Service Transport, Inc. v. Bissell

698 S.W.2d 347, 1985 Tenn. App. LEXIS 2943
CourtCourt of Appeals of Tennessee
DecidedJune 14, 1985
StatusPublished
Cited by1 cases

This text of 698 S.W.2d 347 (Service Transport, Inc. v. Bissell) is published on Counsel Stack Legal Research, covering Court of Appeals of Tennessee primary law. Counsel Stack provides free access to over 12 million legal documents including statutes, case law, regulations, and constitutions.

Bluebook
Service Transport, Inc. v. Bissell, 698 S.W.2d 347, 1985 Tenn. App. LEXIS 2943 (Tenn. Ct. App. 1985).

Opinion

OPINION

LEWIS, Judge.

This is an appeal by Service Transport, Inc. (Service) from the judgment of the Chancery Court for Davidson County upholding the denial by the Tennessee Public Service Commission (Commission) of transfer of certain motor carrier authority from Service to Hohenwald Truck Lines, Inc. (HTL).

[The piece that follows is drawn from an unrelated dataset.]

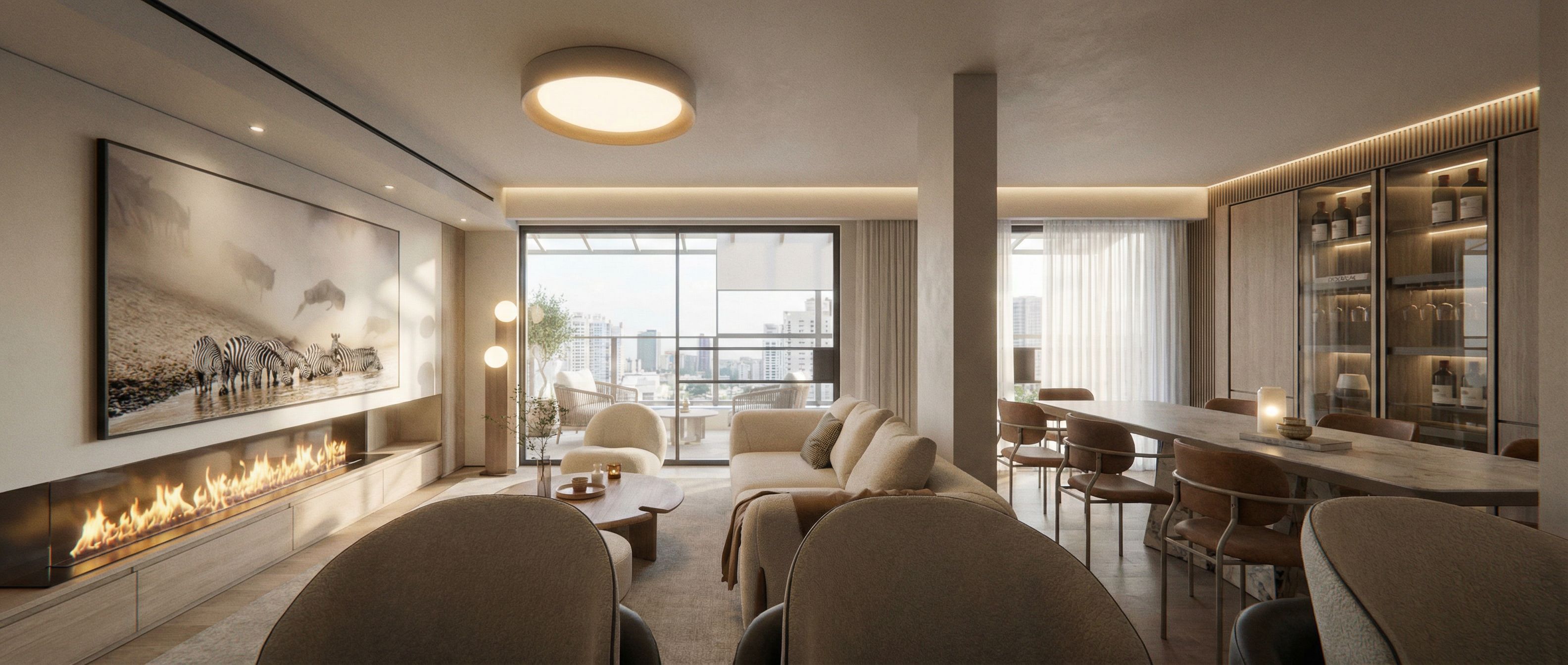 You are professional photographer and expert architect, you role is to transform the input into realistic photograph and add photography effects like chromatic abberation, ISO noise, Film grain, Sharpening pass, Soft glow, Exposure correction, Tone mapping, Bloom + glare mix. Composition: Always keep same input composition and camera angle, accordingly NEVER EVER crop the input or change the angle unless otherwise is mentioned in the user instructions regarding camera angle or composition. For example: if input is a tower, it should be fully visible. Additional guidance: consider the user instructions provided below to help you. Text: if input contains text, ensure to render it correctly. Errors: final output should be 100% correct without any errors or strange things. Input type: you are expected to handle different input types like clay model inputs, freehand sketches, photos, you have to think first how to transform each one into an ideal photograph Creativity and adding details: exteriors: add elements like landscape, context if needed to make the scene perfect award-winning shot. interiors: materials, textures, interior accessories,..etc. Final Result: final result quality always should tend to look like a realistic photograph unless user specifies different style below. User Instructions: "Photo of a modern interior living space featuring a spacious and elegant design, showcasing smooth textures with a neutral color palette. Key elements include a large wall-mounted artwork, minimalist furniture with curved edges, and a long dining table with contemporary chairs. The setting is illuminated by soft natural light filtering through large windows, casting gentle shadows. Captured from a low angle to emphasize the open layout and connection between indoor and outdoor spaces, broadening the depth of the scene. , keep exact camera angle. Type: interior design. Input: 3D mass model. Add: furniture, ambient lighting fixtures"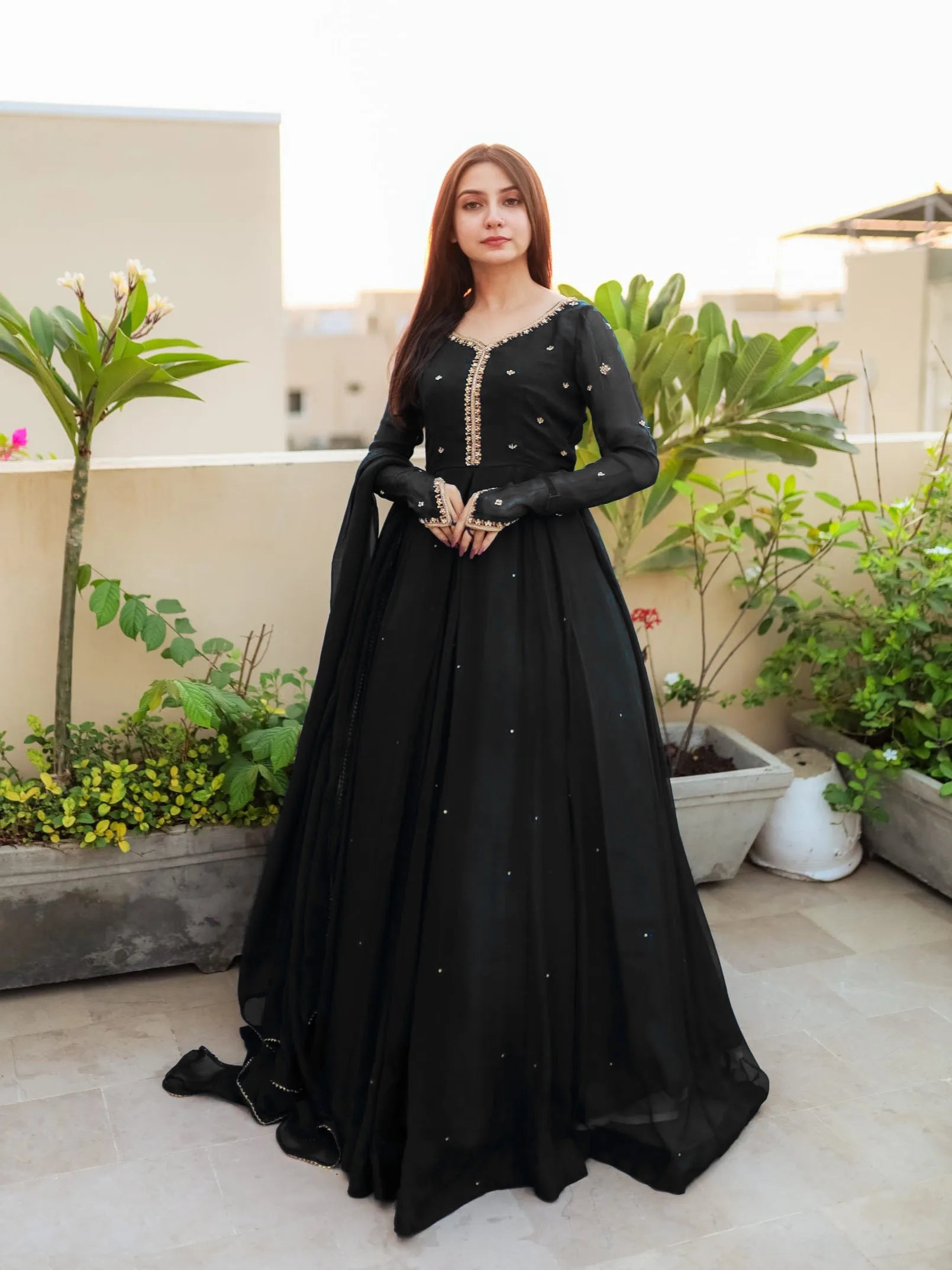 Neck, Sleeves Embroidered with Pearls Attached Long Maxi With Lace Work Dupatta 3PCs

The facts pertinent to our inquiry are as follows:

Murfreesboro Freight Lines (MFL) held Certificates of Authority to carry general commodities between Murfreesboro and Nashville and Nashville and Memphis.

MFL ceased operations on September 3, 1982, and on September 24, 1982, filed a petition in bankruptcy in the U.S. Bankruptcy Court for the Middle District of Tennessee. Among its assets were the Certificates of Authority granted by the Commission.

After MFL ceased operations, Service, under a lease agreement, operated MFL’s Nashville-Murfreesboro Authority. MFL’s Nashville-Memphis Authority was not operated by anyone, and all parties concede that this route was losing money when MFL filed its petition in bankruptcy.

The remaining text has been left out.